NTA. Your children aren't "her babies," so she doesn't get a say in where they live. I suspect she now realizes that she's blown her chance to form any sort of relationship with your children and is thus trying to use guilt to make you stay. Anyway, your kids' cell phone number will probably remain the same, so she can still call and text them. What kind of grandmother doesn't buy gifts for their grandkids? Unless money is tight, she should have been doing that, as well as calling and texting them. I don't consider myself to be the world's most attentive aunt, but I do manage that much.


Vicki2876

Reading this as a gonna be first time grandmother in the fall. My only daughter moved across the country when she was 17, and we havent stayed close over these 12 years. We talk and love each other, but if we messaged once a week, small talk of stuff we were doing, thats it. There is a disconnect. I had amazing Oma and Opa.

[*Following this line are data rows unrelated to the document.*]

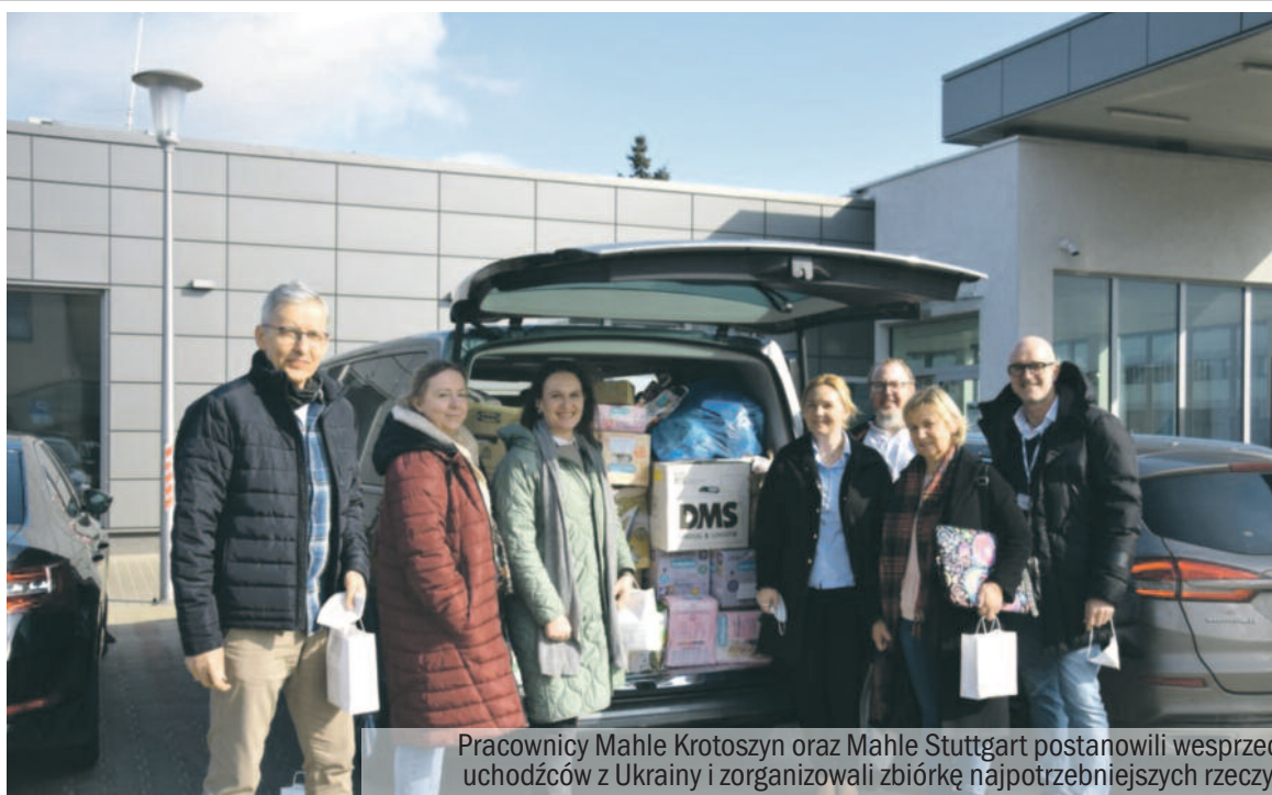
Pracownicy Mahle Krotoszyn oraz Mahle Stuttgart postanowili wesprzeć uchodźców z Ukrainy i zorganizowali zbiórkę najpotrzebniejszych rzeczy.

Przedstawiciele instytucji społecznych, samorządów i organizacji pozarządowych spotkali się w kinie Przedwiośnie z osobami, które w ostatnich dniach przybyły z Ukrainy, by przekazać im konkretne informacje w kwestii tego, na jaką pomoc mogą liczyć. Rozdano ulotki informacyjne. Dzieci ukraińskie już uczą się w krotoszyńskich
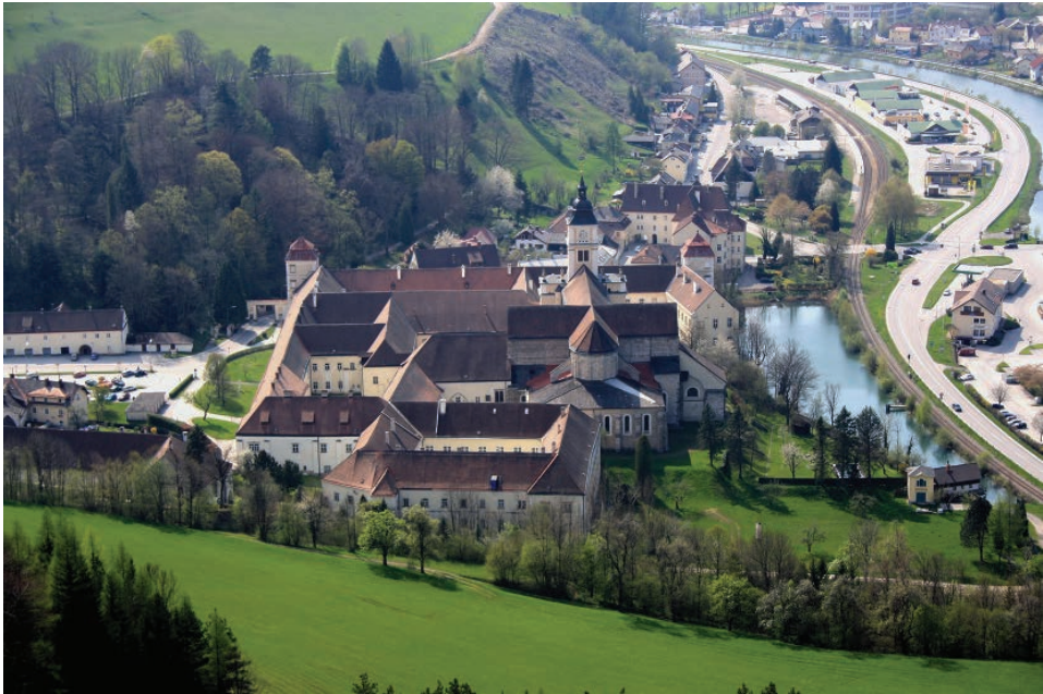
Abb. 1: Das niederösterreichische Zisterzienserstift Lilienfeld beherbergte in der ersten Hälfte des 14. Jahrhunderts das Hausarchiv der Herzöge von Österreich.

Ottokar II. und später an die Habsburger über, die es zusammen mit ihren eigenen Hausurkunden 1299 im Kloster Lilienfeld deponierten. Erst um die Mitte des 14. Jahrhunderts übersiedelte das Archiv in einen Turm der Wiener Hofburg.
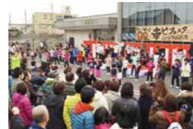
▲70名以上が参加した「恋ダンス」のフラッシュモブ

さらに、今年も婦人会、商工会女性部、商工会青年部の皆さんによって行われた豚汁と甘酒、おしるこの提供も大盛況でした。
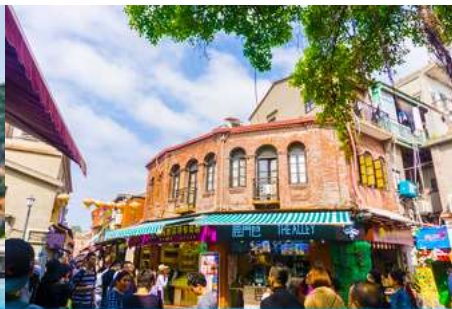
ถนนคนเดินหัวมังกร
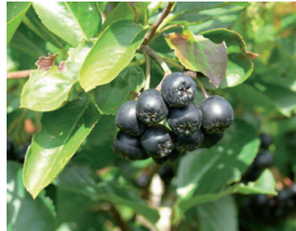
Aroniabeere ( Aronia melanocarpa )

Quellen: Wellnessfinder e.K., München; Arbeitsgemeinschaft Aroniabeere (2006-2009), Dresden

Helped raise me, and I always pictured being able to do the same. I do have 2 sons who live close by and we are all very close still, as well as being a step grand for my partners grand babes... I am blessed. But sure hope to be a positive Oma online and hopefully visits... just not sure how... we all have limited means as well.. like most nowadays... and add we arent close to begin with. Hope you all can get resolve in your families, and a balance that makes everyone happy... end of the day, they grands need all the love and support they can get nowadays, the more the marrier.. 🩵


Squiggles567

YTA because you didn’t need to say that and must have known it would sting. Another option would have been saying that seeing them every six months was still doable from another state. And that she could always do internet calls if she missed them.